BEGIN Material provided

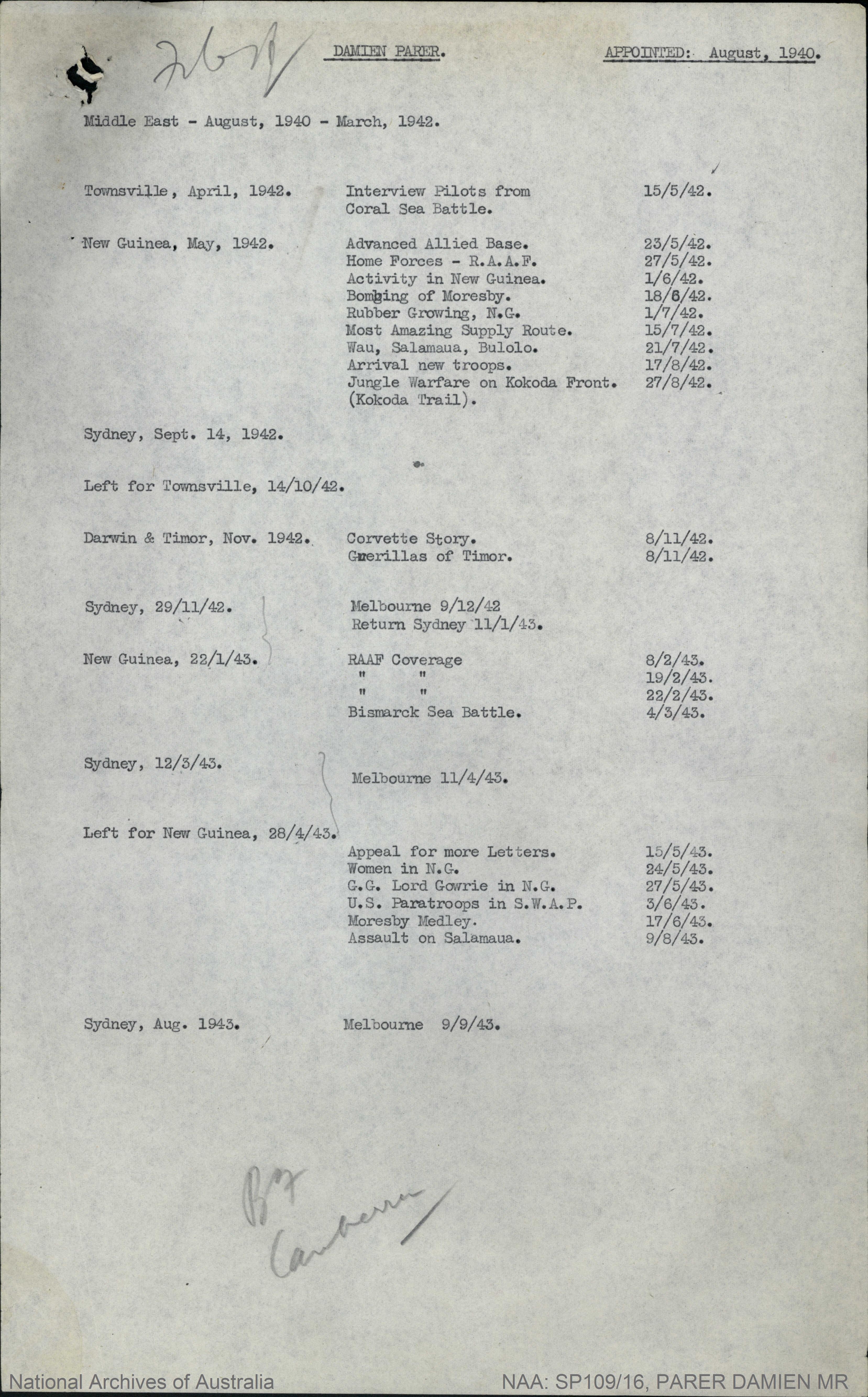 In 1939 Damien was appointed to the staff of the cinema and photographic branch of the Commerce Department of the Commonwealth Government. And then another telegram changed the direction of his life. He received it on 30 August 1939 at the “Oriana Hotel”, McLeay Street, Potts Point, Sydney:
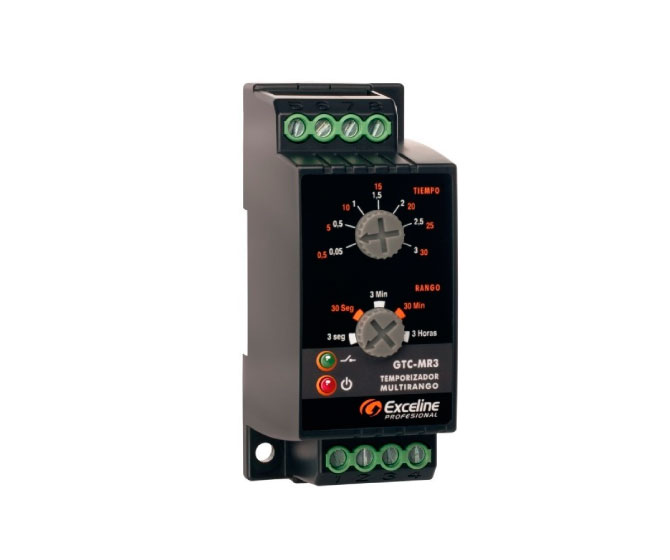 Ajustable y programable, capaz de ejecutar las funciones de temporizado a la conexión y desconexión.
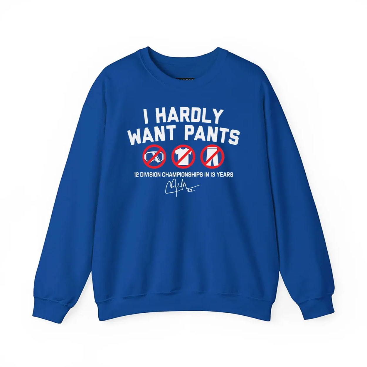Step into the spotlight with this shirt—a hilarious and unapologetically bold tribute to baseball excellence. The front design features the phrase “I HARDLY WANT PANTS” in large, playful lettering, followed by “12 DIVISION CHAMPIONSHIPS IN 19 YEARS,” celebrating a legacy of winning. Below the text, four red-slash icons humorously banish pants, football helmets, footballs, and goalposts—because this shirt is strictly baseball and good vibes. A stylized signature adds a personal touch, making this tee a must-have for fans who love their sports with a side of sass.
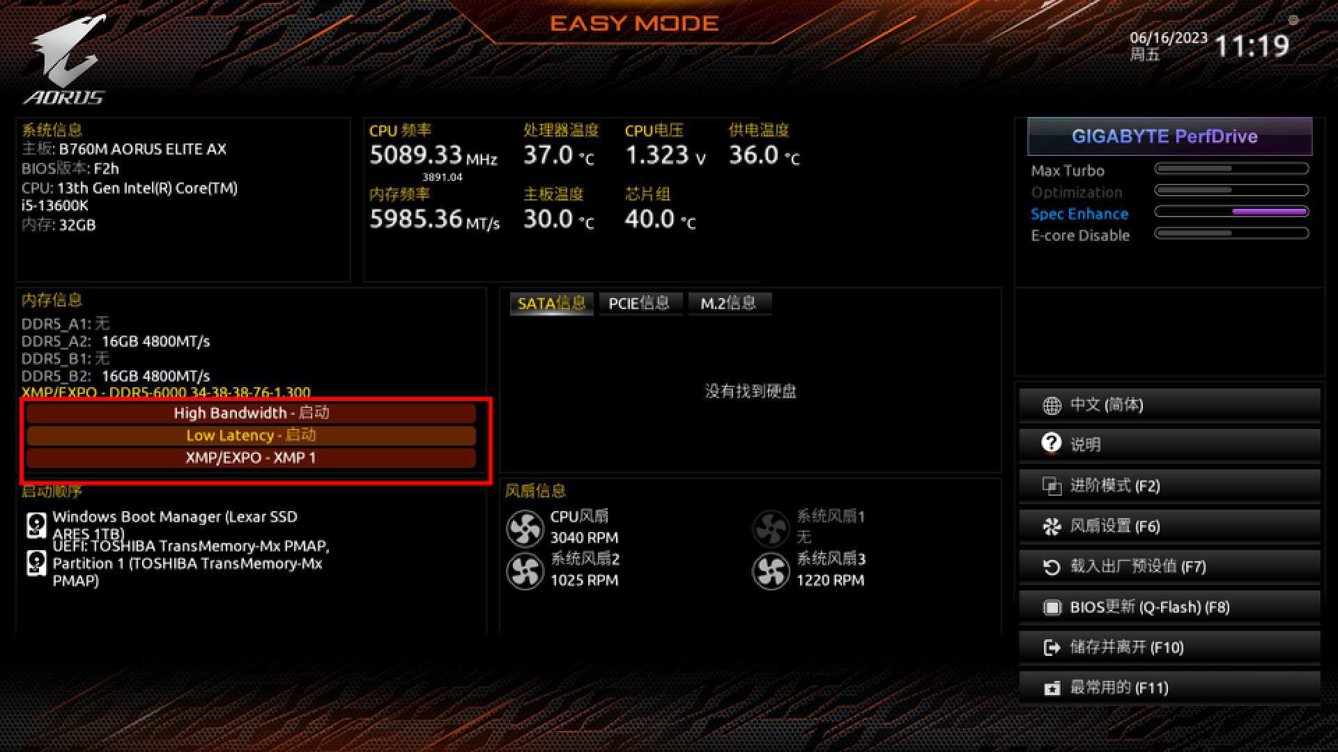 ▼內存性能測試。技嘉 DDR5 主板搭載的“高帶寬低延時”黑科技對於內存提升有很大影響,在 BIOS 中可以開啓對應功能,如下圖所示
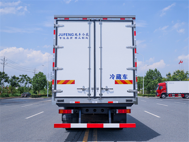 東風(fēng)天錦6米8冷藏車廂體配置為:斷橋隔溫工藝,整體結(jié)構(gòu)框架,內(nèi)外面料為3mm新款啞光玻璃鋼夾保溫層真空復(fù)合而成,廂體厚度為8cm,最新款鋁合金包邊型材,型材局部厚度為4mm(鋼制鉚釘加固),廂體內(nèi)部采用2個(gè)LED照明燈及廂體示寬燈,后門框不銹鋼材質(zhì),門框密封條為三元乙丙橡膠材質(zhì),加厚型不銹鋼合頁(yè)及鎖件;副梁為Q700車用大梁鋼,15mm厚大梁墊皮,加裝防撞膠塊,不銹鋼門鎖件,配后雙開門,副駕駛一側(cè)居中靠前開單側(cè)門一個(gè),帶2個(gè)排水孔。
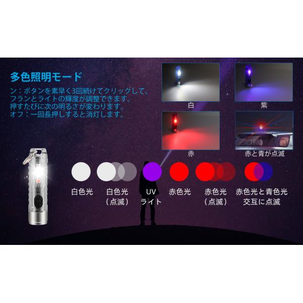 懐中電灯 ハンディライト ミニサイズ 超小型 キーホルダー懐中電灯 led 強力 USB充電式 防水 白赤UV青4つ色 フラッシュライト COSMONE ポイント利用
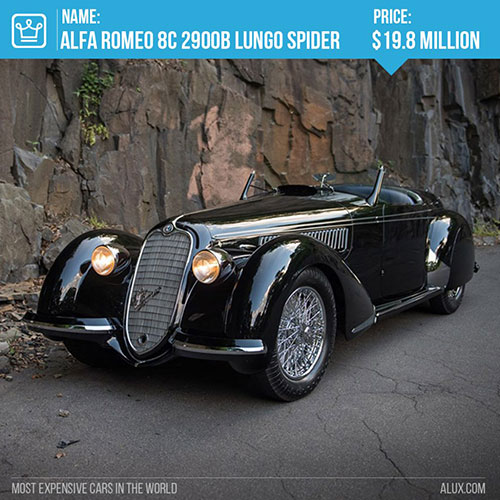 آلفا رومئو ۸. سی ۲۹۰۰. بی لانگو اسپایدر مدل ۱۹۳۹، با قیمتی برابر با ۱۹.۸ میلیون دلار
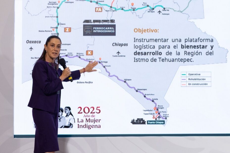La Presidenta de México, Claudia Sheinbaum Pardo, resaltó que en noviembre se inaugura el primer tramo de la Línea K del Tren Interoceánico y se avanza con el Gobierno de Guatemala para que dicha línea llegue al país centroamericano. Mientras que el tramo Roberto Ayala–Dos Bocas de la Línea FA permitirá llevar parte de la producción de la Refinería Olmeca al sureste del país.
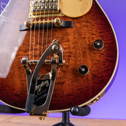 A sophisticated rendition of the original masterpiece, the G6134TQM-59 Limited Quilt Classic Penguin™ combines opulent aesthetics with period-accurate features and appointments from the golden age of electric guitars. Satisfying eyes and ears with its golden tones and gleaming looks, this rare bird comes alive in the player's hands, singing with its distinctive voice at every strum.
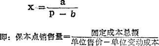 释义 | 保本点 亦称“够本点”、“盈亏分界点”、“盈亏临界点”、“损益两平点”。 指销售收入总额与成本总额相等时,企业处于不盈不亏状态下的销售数量和销售金额。其测定方法通常有以下三种: (一)方程式法 设:p为销售单价,x为销售量,b为单位变动成本,a为固定成本总额,则: px=bx+a ∵测定保本点的销售量,利润应为0。 ∴px-bx-a=0 保本点销售额=销售单价×保本销售量 (二)贡献毛益法(边际贡献法) ∵销售收入=变动成本+固定成本+利润销售收入-变动成本=固定成本+利润贡献毛益=固定成本+利润 测定保本点销售量,利润应为0,这样: 贡献毛益=固定成本单位贡献毛益×销售量=固定成本 (三)图示法,在坐标图上,以横轴表示销售量,以纵轴表示成本和销售收入的金额,首先找一个任意销售量与其销售收入相对应的点,并从原点过此点画一条直线,为销售收入线。其次,在纵轴上找出固定成本的截距,并从此处画一条平行于横轴的直线,为固定成本线。 最后再找一个任意销售量与其总成本相对应的点,并从固定成本在纵轴上的交点开始画一条过此点的直线,为总成本线。销售收入线与总成本线的交点,即为保本点。见“成本一数量-利润分析”辞条。 |

END Material provided

● Task details:
A faithful copy of every entry is needed, omitting each image.

● Written solution:
 In 1939 Damien was appointed to the staff of the cinema and photographic branch of the Commerce Department of the Commonwealth Government. And then another telegram changed the direction of his life. He received it on 30 August 1939 at the “Oriana Hotel”, McLeay Street, Potts Point, Sydney:
 Ajustable y programable, capaz de ejecutar las funciones de temporizado a la conexión y desconexión.
Step into the spotlight with this shirt—a hilarious and unapologetically bold tribute to baseball excellence. The front design features the phrase “I HARDLY WANT PANTS” in large, playful lettering, followed by “12 DIVISION CHAMPIONSHIPS IN 19 YEARS,” celebrating a legacy of winning. Below the text, four red-slash icons humorously banish pants, football helmets, footballs, and goalposts—because this shirt is strictly baseball and good vibes. A stylized signature adds a personal touch, making this tee a must-have for fans who love their sports with a side of sass.
 ▼內存性能測試。技嘉 DDR5 主板搭載的“高帶寬低延時”黑科技對於內存提升有很大影響,在 BIOS 中可以開啓對應功能,如下圖所示
 東風(fēng)天錦6米8冷藏車廂體配置為:斷橋隔溫工藝,整體結(jié)構(gòu)框架,內(nèi)外面料為3mm新款啞光玻璃鋼夾保溫層真空復(fù)合而成,廂體厚度為8cm,最新款鋁合金包邊型材,型材局部厚度為4mm(鋼制鉚釘加固),廂體內(nèi)部采用2個(gè)LED照明燈及廂體示寬燈,后門框不銹鋼材質(zhì),門框密封條為三元乙丙橡膠材質(zhì),加厚型不銹鋼合頁(yè)及鎖件;副梁為Q700車用大梁鋼,15mm厚大梁墊皮,加裝防撞膠塊,不銹鋼門鎖件,配后雙開門,副駕駛一側(cè)居中靠前開單側(cè)門一個(gè),帶2個(gè)排水孔。
 懐中電灯 ハンディライト ミニサイズ 超小型 キーホルダー懐中電灯 led 強力 USB充電式 防水 白赤UV青4つ色 フラッシュライト COSMONE ポイント利用
 آلفا رومئو ۸. سی ۲۹۰۰. بی لانگو اسپایدر مدل ۱۹۳۹، با قیمتی برابر با ۱۹.۸ میلیون دلار
La Presidenta de México, Claudia Sheinbaum Pardo, resaltó que en noviembre se inaugura el primer tramo de la Línea K del Tren Interoceánico y se avanza con el Gobierno de Guatemala para que dicha línea llegue al país centroamericano. Mientras que el tramo Roberto Ayala–Dos Bocas de la Línea FA permitirá llevar parte de la producción de la Refinería Olmeca al sureste del país.
 A sophisticated rendition of the original masterpiece, the G6134TQM-59 Limited Quilt Classic Penguin™ combines opulent aesthetics with period-accurate features and appointments from the golden age of electric guitars. Satisfying eyes and ears with its golden tones and gleaming looks, this rare bird comes alive in the player's hands, singing with its distinctive voice at every strum.
 释义 | 保本点 亦称“够本点”、“盈亏分界点”、“盈亏临界点”、“损益两平点”。 指销售收入总额与成本总额相等时,企业处于不盈不亏状态下的销售数量和销售金额。其测定方法通常有以下三种: (一)方程式法 设:p为销售单价,x为销售量,b为单位变动成本,a为固定成本总额,则: px=bx+a ∵测定保本点的销售量,利润应为0。 ∴px-bx-a=0 保本点销售额=销售单价×保本销售量 (二)贡献毛益法(边际贡献法) ∵销售收入=变动成本+固定成本+利润销售收入-变动成本=固定成本+利润贡献毛益=固定成本+利润 测定保本点销售量,利润应为0,这样: 贡献毛益=固定成本单位贡献毛益×销售量=固定成本 (三)图示法,在坐标图上,以横轴表示销售量,以纵轴表示成本和销售收入的金额,首先找一个任意销售量与其销售收入相对应的点,并从原点过此点画一条直线,为销售收入线。其次,在纵轴上找出固定成本的截距,并从此处画一条平行于横轴的直线,为固定成本线。 最后再找一个任意销售量与其总成本相对应的点,并从固定成本在纵轴上的交点开始画一条过此点的直线,为总成本线。销售收入线与总成本线的交点,即为保本点。见“成本一数量-利润分析”辞条。 |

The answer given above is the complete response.